Start of Data for processing
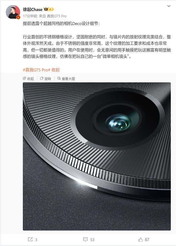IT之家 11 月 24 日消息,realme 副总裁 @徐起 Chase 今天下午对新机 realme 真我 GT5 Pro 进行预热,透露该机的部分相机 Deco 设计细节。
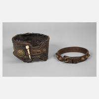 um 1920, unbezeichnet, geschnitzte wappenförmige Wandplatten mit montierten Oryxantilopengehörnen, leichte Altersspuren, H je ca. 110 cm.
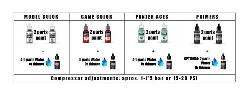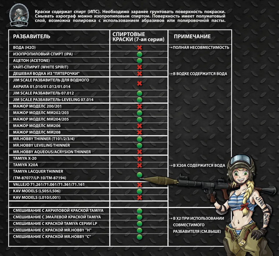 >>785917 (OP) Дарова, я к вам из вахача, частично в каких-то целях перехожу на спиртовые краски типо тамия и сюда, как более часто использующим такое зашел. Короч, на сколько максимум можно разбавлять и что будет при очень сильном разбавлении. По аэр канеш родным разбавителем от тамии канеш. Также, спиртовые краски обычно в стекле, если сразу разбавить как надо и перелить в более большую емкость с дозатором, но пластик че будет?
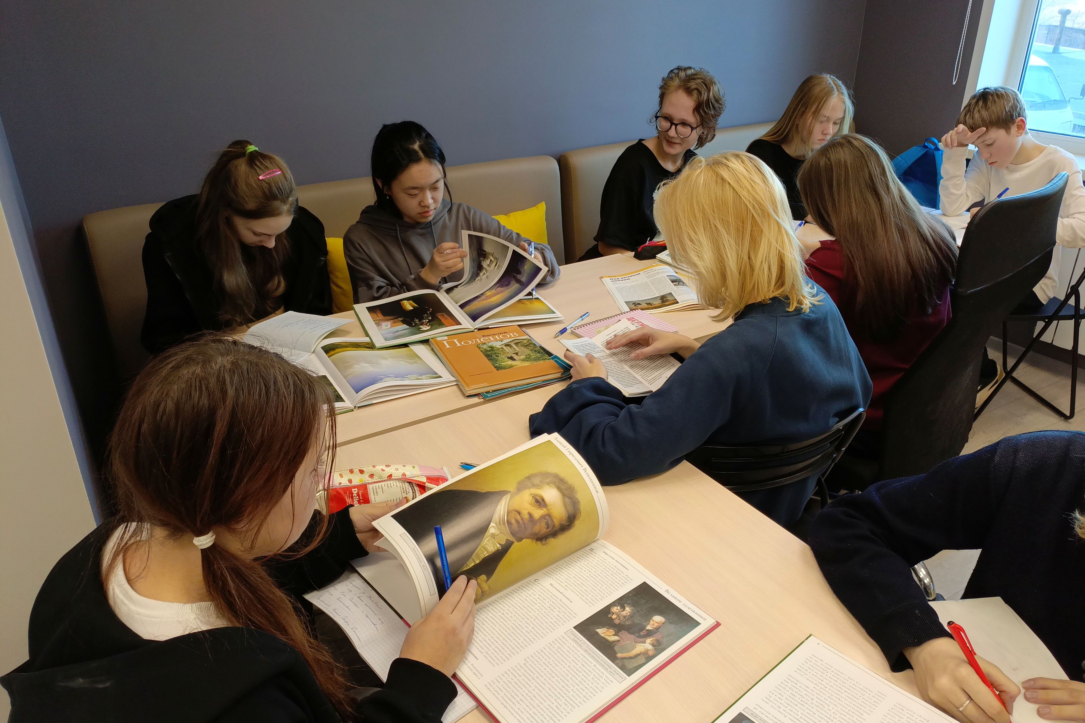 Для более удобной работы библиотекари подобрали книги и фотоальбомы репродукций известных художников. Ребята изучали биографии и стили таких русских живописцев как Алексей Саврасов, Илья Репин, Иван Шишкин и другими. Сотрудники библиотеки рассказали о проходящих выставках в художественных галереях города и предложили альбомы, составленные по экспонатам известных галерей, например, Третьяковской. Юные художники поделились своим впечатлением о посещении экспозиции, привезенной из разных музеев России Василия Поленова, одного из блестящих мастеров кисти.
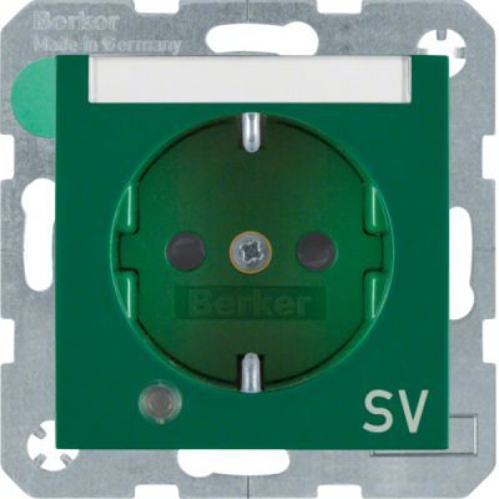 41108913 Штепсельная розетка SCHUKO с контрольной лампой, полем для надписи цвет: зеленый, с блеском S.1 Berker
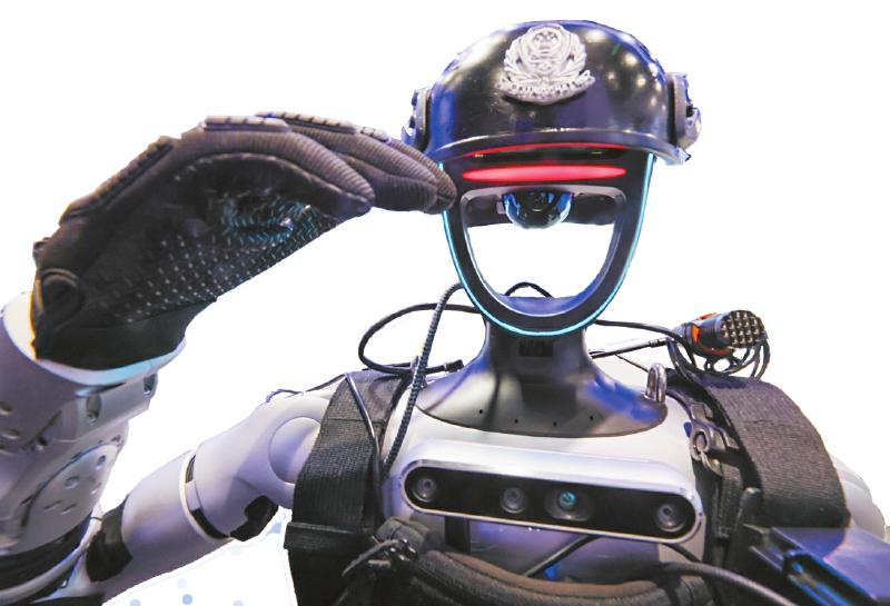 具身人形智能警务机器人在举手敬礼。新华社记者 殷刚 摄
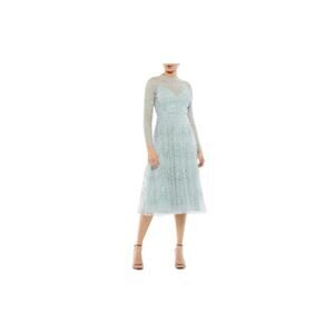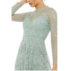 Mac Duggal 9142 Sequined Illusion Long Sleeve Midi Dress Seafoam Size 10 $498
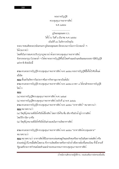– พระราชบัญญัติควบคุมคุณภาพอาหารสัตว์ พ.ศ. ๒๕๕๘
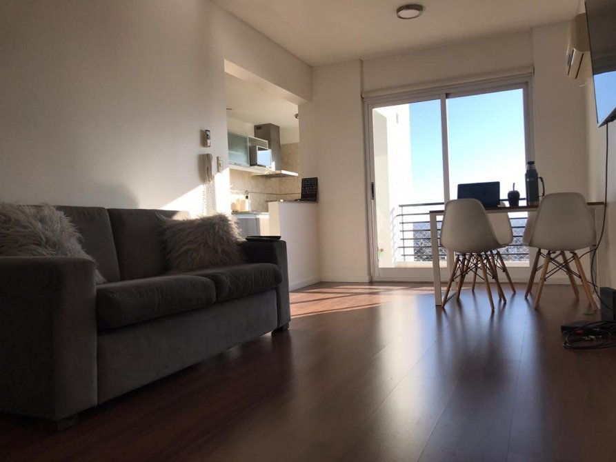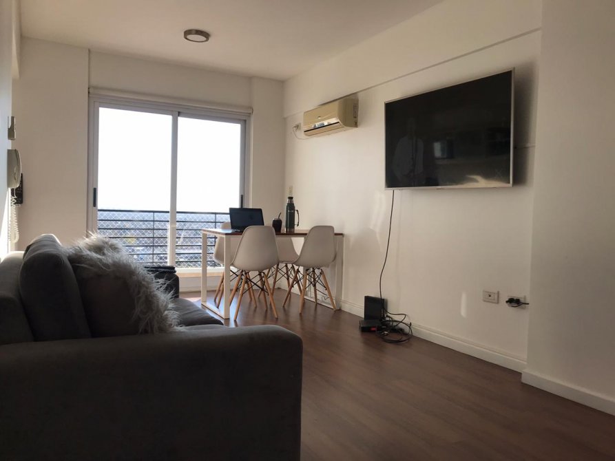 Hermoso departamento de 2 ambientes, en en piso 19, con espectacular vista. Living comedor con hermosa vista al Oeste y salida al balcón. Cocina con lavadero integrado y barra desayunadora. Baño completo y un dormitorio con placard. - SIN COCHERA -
End of Data for processing
*What the task requires*:
Reproduce exactly the lines that run from the line holding "Для более удобной" through the final line of the entries, and omit every picture.

*Written answer*:
 Для более удобной работы библиотекари подобрали книги и фотоальбомы репродукций известных художников. Ребята изучали биографии и стили таких русских живописцев как Алексей Саврасов, Илья Репин, Иван Шишкин и другими. Сотрудники библиотеки рассказали о проходящих выставках в художественных галереях города и предложили альбомы, составленные по экспонатам известных галерей, например, Третьяковской. Юные художники поделились своим впечатлением о посещении экспозиции, привезенной из разных музеев России Василия Поленова, одного из блестящих мастеров кисти.
 41108913 Штепсельная розетка SCHUKO с контрольной лампой, полем для надписи цвет: зеленый, с блеском S.1 Berker
 具身人形智能警务机器人在举手敬礼。新华社记者 殷刚 摄
 Mac Duggal 9142 Sequined Illusion Long Sleeve Midi Dress Seafoam Size 10 $498
– พระราชบัญญัติควบคุมคุณภาพอาหารสัตว์ พ.ศ. ๒๕๕๘
 Hermoso departamento de 2 ambientes, en en piso 19, con espectacular vista. Living comedor con hermosa vista al Oeste y salida al balcón. Cocina con lavadero integrado y barra desayunadora. Baño completo y un dormitorio con placard. - SIN COCHERA -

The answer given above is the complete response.